I solved a 2-d flow problem for the flow field first and then used the veloocties in the heat transfer equations. My tmeperature rise was only a few degrees, therefore, I did not re-solve the flow field equations due to the very small changes in the thermal properties of the fluid. My question is; Is this correct or is it necessary for me to couple the equations?

thanks

Is a few degrees important to your process or product? Will it give an inferior heat treat to a metal?

As to the coupling, why not just try it? If the flow patterns don't change (you define how small the change must be before it can be ignored), the temperatures after the second pass will change by an ignorable amount.

You'll learn a lot more by trying it than asking for a rule to follow.

My reply above was sort of sharp - sorry about that.

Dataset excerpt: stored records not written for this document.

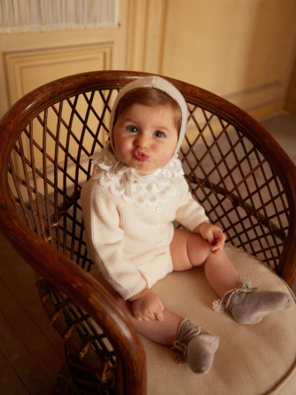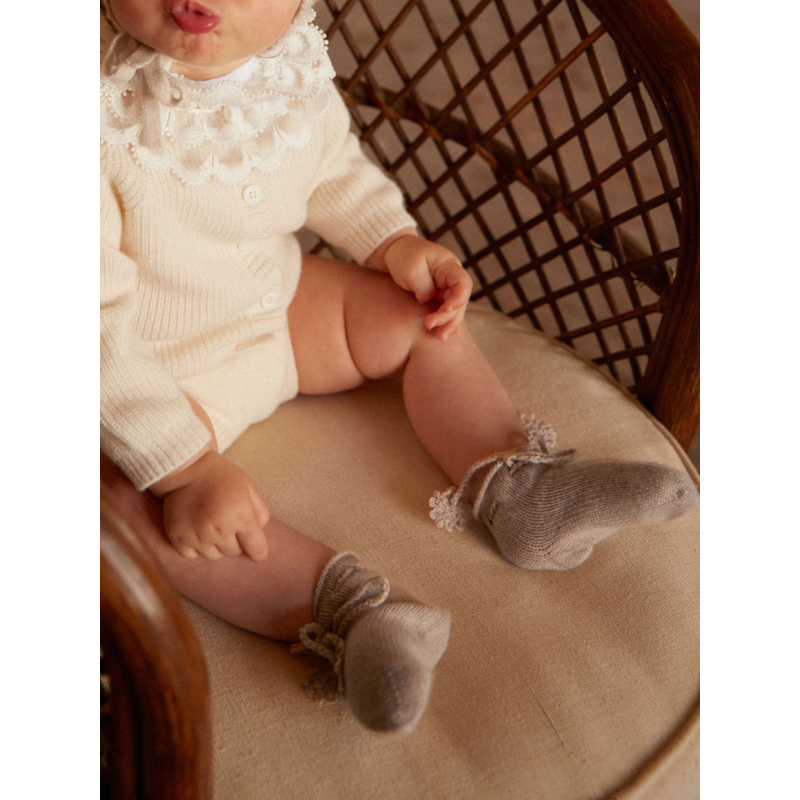 Knitted in 4-ply cashmere, they combine warmth, comfort, and lightness, while adding a naturally elegant touch to baby’s first outfits.
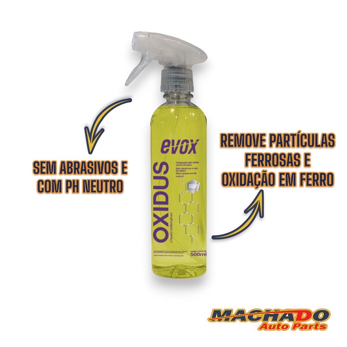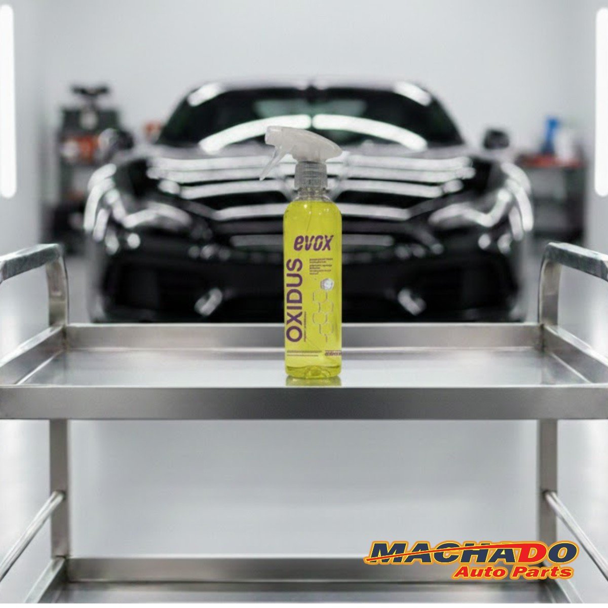 OXIDUS é um removedor de partículas ferrosas e oxidação em ferro, sem abrasivos e com pH neutro, foi desenvolvido para descontaminar com eficiencia partículas ferrosas em roda e pintura. O produto age através de uma reação química de complexação e muda do incolor para coloração roxa ou marrom ao reagir com a contaminação ferrosa, e desta forma a contaminação é facilmente removida no enxague. O Oxidus é essencial no detalhamento automotivo, age também na remoção de ferrugem de superficies metálicas e renova o aspecto de superficies cromadas envelhecidas.
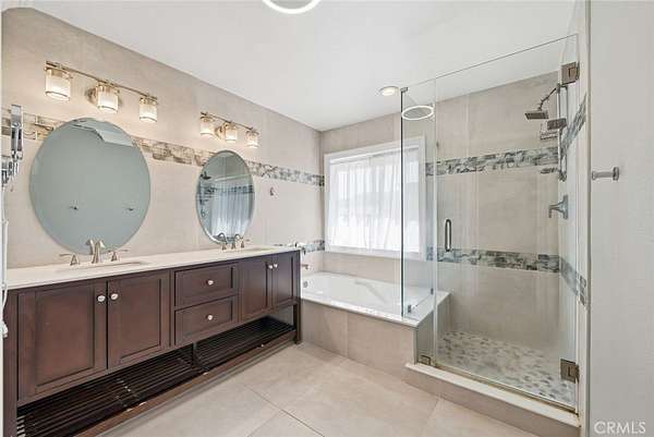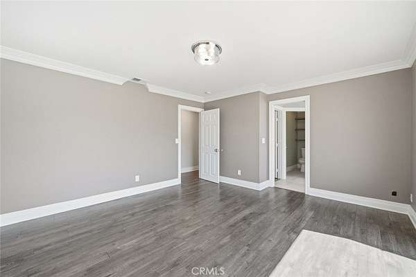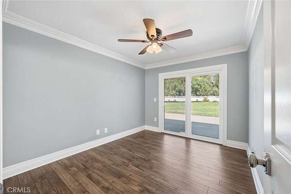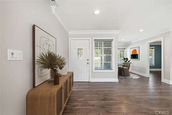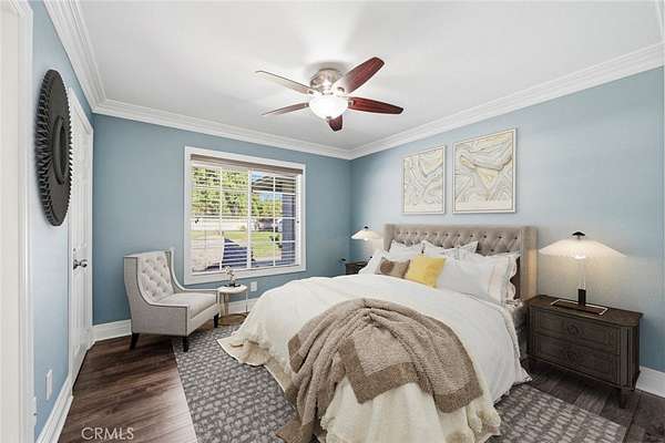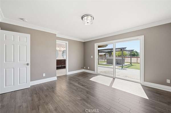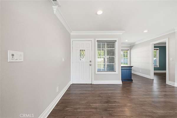 Custom details include elegant crown molding, oversized baseboards, a walk-in pantry, a 30-bottle wine fridge, and large windows that capture scenic views throughout. A solar system adds energy efficiency and long-term savings.

But, if you can spend the time, you'll learn a good bit by correcting the properties for the temperature change and re-running the problem. Or, if your fluid is a gas, try the problem using a compressible algorithm.

Good luck.

Based on what I remember from coursework: for low Mach numbers, the energy equation is decoupled from the continuity and momentum equations so that you can first solve the continuity and momentum equations and use this solution to solve for the temperature distribution via the energy equation. I.e., for low Mach, there is no exchange between kinetic and internal energy. However, I don't think this holds if bouyancy is included. For instance, if you have a high temperature boundary surrounded by low temperature ones, free convection is going to occur and can significantly affect the temperature distribution. In this case I believe the equations are coupled. Hope this helps.